Commentary

The Parallel Universe of Mobile Search

One day in the future, mobile search might appear indistinguishable from Web queries. But for now, people come to mobile search with very different expectations than Web search.

"The mobile Web is a parallel universe created for people on-the-go," says Omar Tawakol, chief advertising officer of Medio. "The state of mind is different."

In the short term, people still look first to customize their phones with downloadable ringtones and wallpapers. For now, mobile content vendors are to the mobile search market what Web services and ISPs were to Web advertising in the 1990s, a new category of advertisers uniquely aligned to this early adopter demo. Because inventory and audience are still relatively limited, the first wave of buyers purchase mobile search in categories and bundles of keywords rather than specific terms.

Medio, which serves about 40 percent of U.S. mobile searches, also found that after adult content (11 percent of mobile searches), 7 percent of queries involved a Web or WAP portal like Google or Yahoo and specific URLs. Users are indeed starting to look for that wider Web. Generally, however, mobile searches want direct answers: What's the weather? What's the score? Where's the store? Where are you?
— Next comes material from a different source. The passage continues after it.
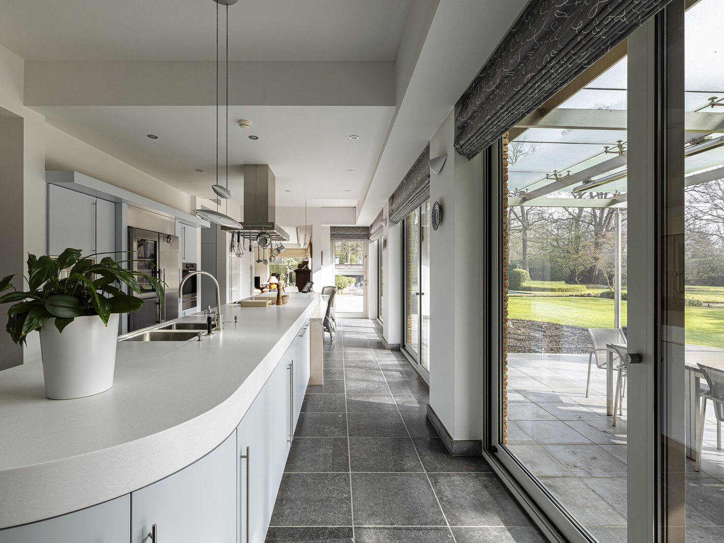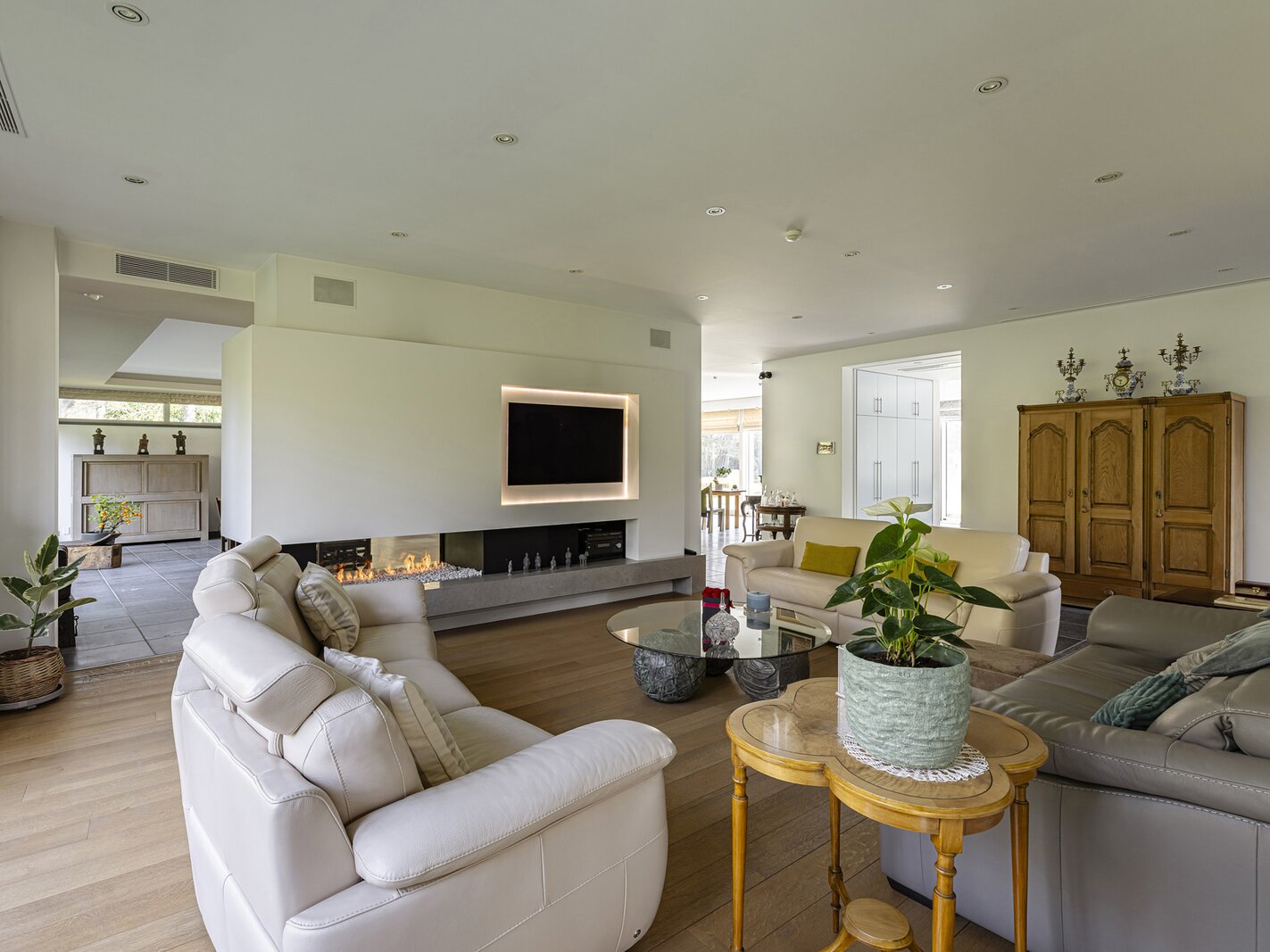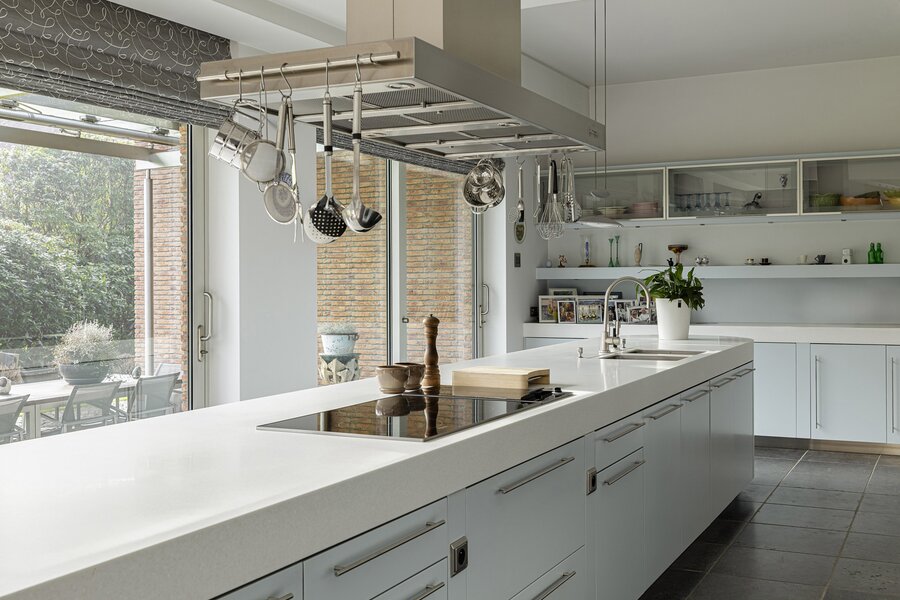 La grande cuisine constitue le cœur de la maison et est équipée d’appareils de qualité ainsi que de nombreux espaces de travail et rangement. Attenants se trouvent notamment un bureau et un salon familial ou TV. La villa dispose également d’un espace de loisirs.

When search firm iCrossing surveyed mobile-phone users who currently use a search box, the most sought-after information was maps and direction (searched for by 69 percent) and weather (65 percent). But Go2's CEO, Lee Hancock, suspects that mobile habits are bound to evolve beyond the immediate and the practical. Rather than the proverbial "third screen," he says, "I think there is a chance this could become a first screen of access. People will use it more and more - beyond immediate need - for things like TV schedules. There will be a lot of entertainment to it too."

It is still unclear what categories of advertising, with what kinds of appeals, will work in this parallel universe of needs. With a popular search box already on people's desks serving most of their immediate needs, what usage cases will dominate searching out-of-home? Will people really need to look for their electrician or the nearest Best Buy from the phone?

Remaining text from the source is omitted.